Beaver watching
With the long summer evenings we have quite a few visitors coming to see the beavers. Currently the beavers emerge around 20.15, but sometimes earlier than this. While most people get to see them, some don’t realise that you have to sit still, without speaking and just watching quietly. Beavers hear and smell very well and feel vibrations through the water if you move your feet clumsily. So fidgety children are not an asset in a beaver hide!

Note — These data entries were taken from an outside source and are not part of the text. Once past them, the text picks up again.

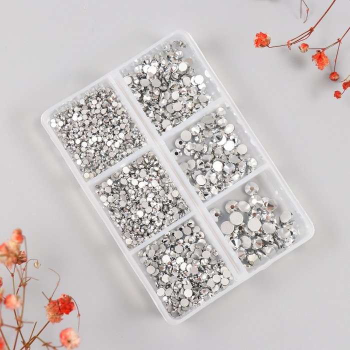 Декор для творчества стекло «Стразы. Серебро», d=2-4.8 мм, набор 1188 шт., 6×8×1.5 см
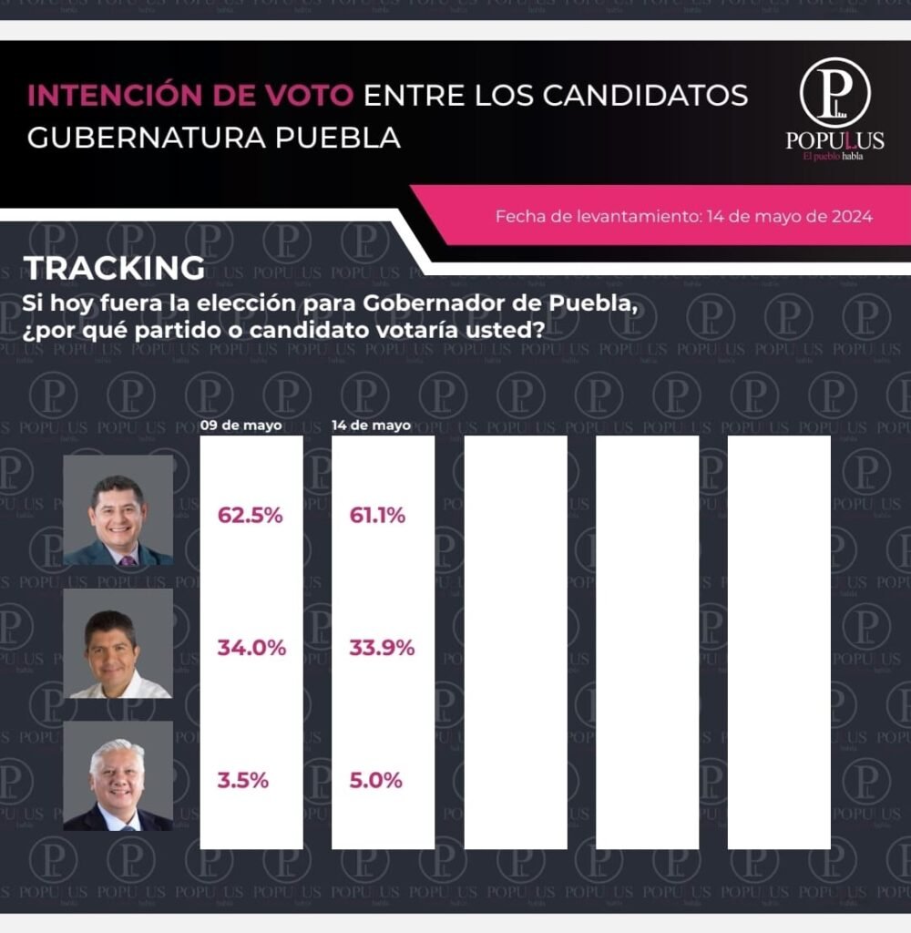 Es importante destacar que el muestreo realizado por Populus Mx cuenta con un nivel de confianza del 95%, con un margen de error del 4%. Este estudio se llevó a cabo entre ciudadanas y ciudadanos de Puebla mayores de 18 años el martes 14 de mayo.
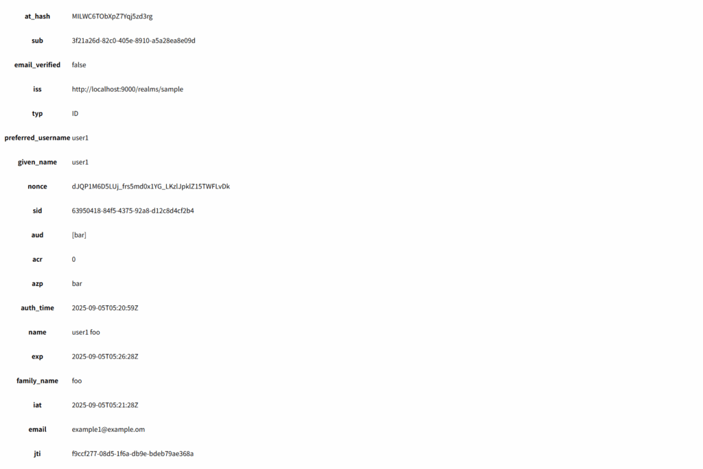 ID及びパスワードによる認証の後、IDトークンが持つクレームを確認できます。Keycloak のログイン画面からログインして確認してみましょう。
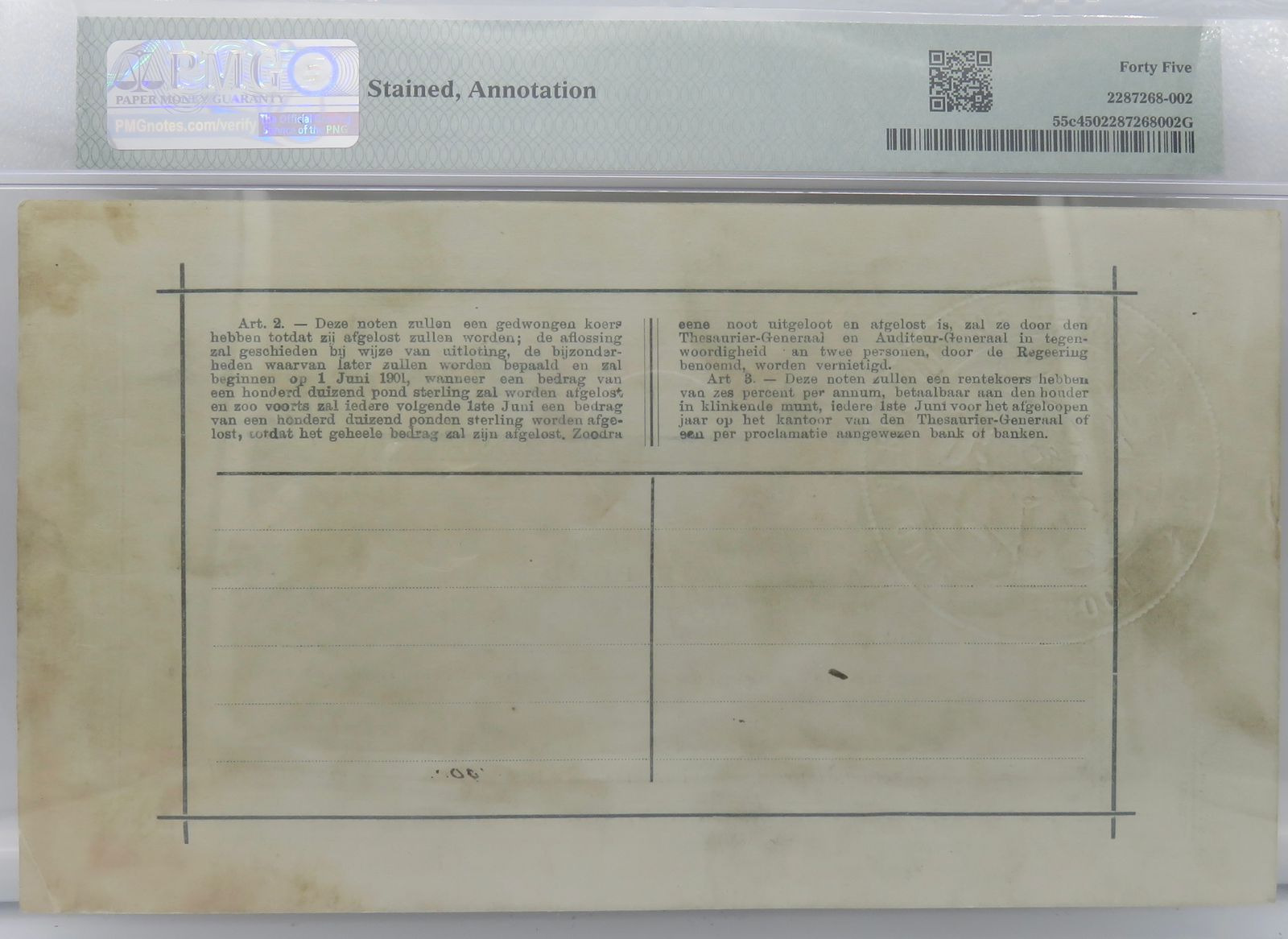 Lot 7: South Africa: Anglo Boer War Issues: ZAR VIJF Pond “Pretoria” Gouvernements Noot of 1900 PMG Choice Extremely Fine 45.
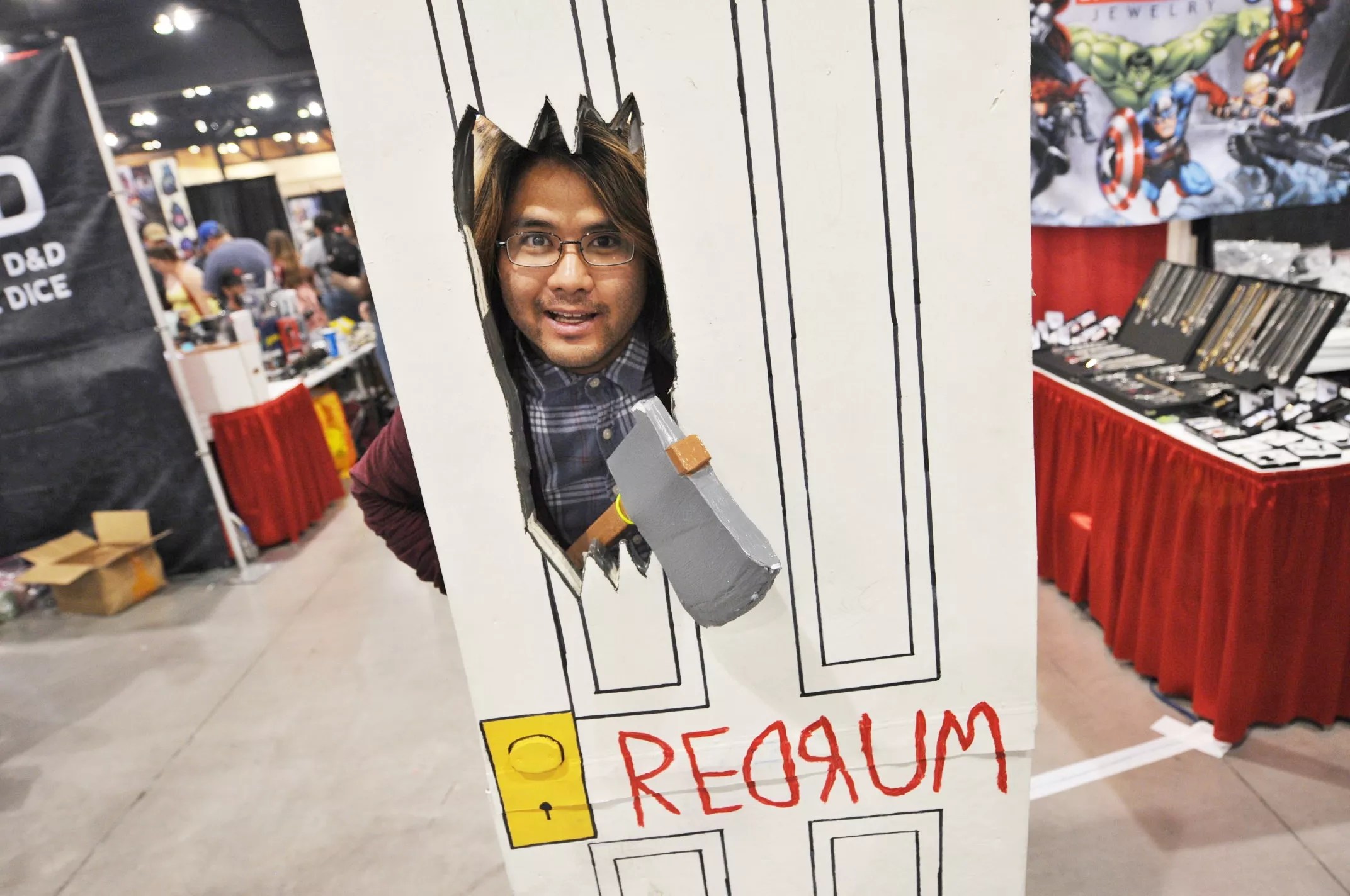 One of the most iconic scenes in horror film history became the basis for this inventive cosplay by Jamie Giang. The Salt Lake City man used a full-sized bathroom door made from foam core boards to mimic the famous moment in The Shining where a deranged Jack Nicholson chopped his way through with an ax. He also dressed up as the character and scrawled “REDRUM” across the door for added effect.
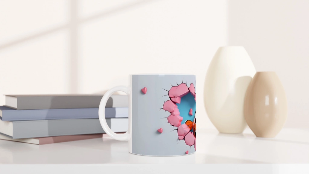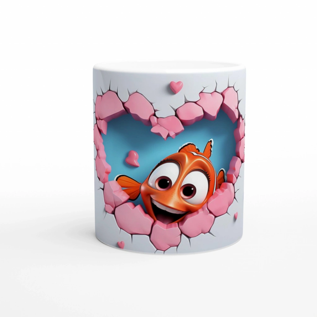 Kalpli Çatlağın Ardından Bakan Palyaço Balığı Temalı Baskılı Kupa Bardak, mavi fon önünde pembe kalp desenli çatlaklardan çıkan sevimli balık illüstrasyonuyla hem deniz temasını hem sevgiyi bir araya getiriyor. Renkli ve eğlenceli bir hediye alternatifi.
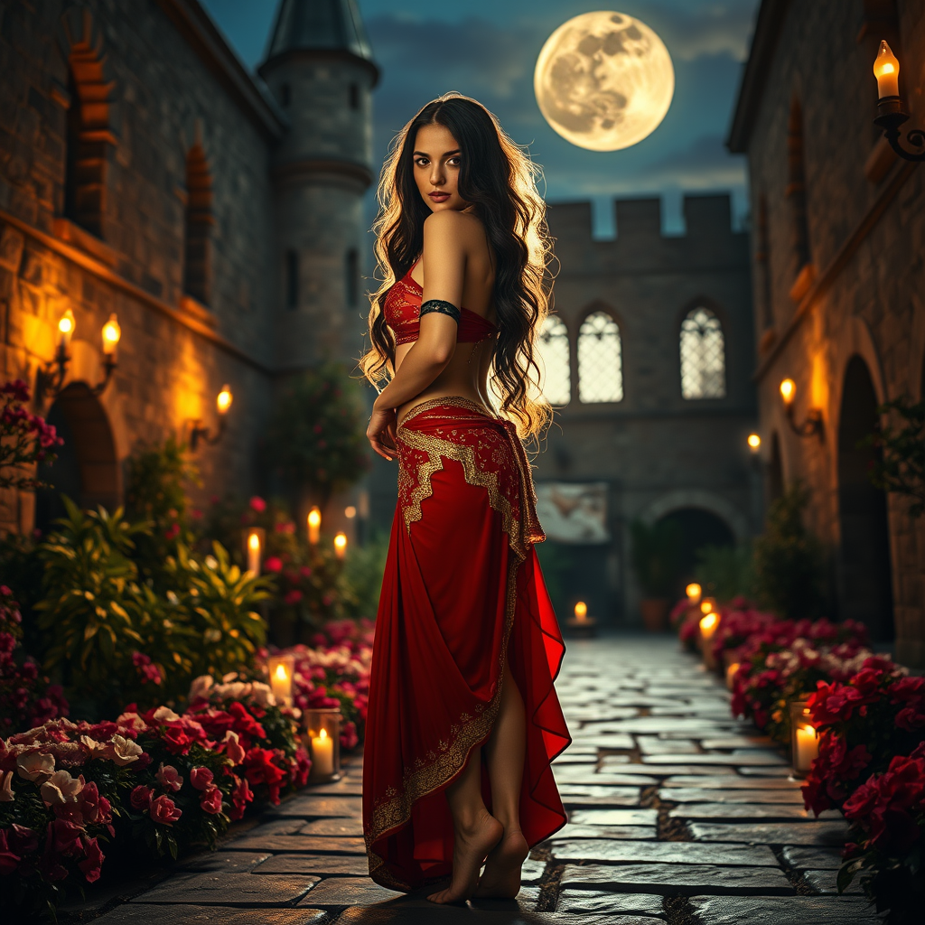 In the enchanting courtyard of a medieval castle at dusk, a mesmerizing beauty stands surrounded by vibrant blossoms, her gaze inviting and captivating. She is adorned in an exquisite red and gold belly dancer's outfit, aglow under the interplay of radiant full moonlight, flickering torches, and gentle candlelight. The illumination creates a magical aura as she poses barefoot, the light highlighting her elegant silhouette and her sensuous posture. Her hip-length, wavy raven hair cascades down her back and shimmers with soft, diffused light, adding an ethereal quality to her presence. Around her neck, a graceful black band enhances the air of mystery. Captured with a Leica M10 and Helios-44 58mm f/2 lens, adjusted to F2.8, this fine art photograph reveals rich, deep tones and exquisite highlights. The midday sun meticulously defines her radiant expression, while moonlight delicately outlines her figure. Her back faces the camera, yet she glances over her shoulder with an inviting allure, drawing the viewer into the scene.

But whenever I watch I see the beavers. Our new pair of imported Bavarian beavers are flourishing and must now have kits because we have seen them taking food into the burrows. We haven’t seen the kits yet but the beavers are now using several burrows which is a sign the kits are moving about. It’s amazing how a full grown beaver, about the size of a cocker spaniel, can emerge from an underwater burrow right in front of you, then swim underwater across the whole pond to the other side, with hardly a ripple, just occasional bubbles. If you don’t know what is going on you don’t understand the quiet movements and could miss them altogether. But eventually an adult will come out onto the bank and spend several minutes slowly and carefully grooming and scratching a large corpulent tum.
Scotland has now fully protected its beavers and established a management programme. About 50 beavers are being translocated from places where they are not wanted to new homes in Yorkshire and Devon. Step by step the beavers are reclaiming their lost homes. Here in Wales, as far as we know, NRW has made no decisions at all.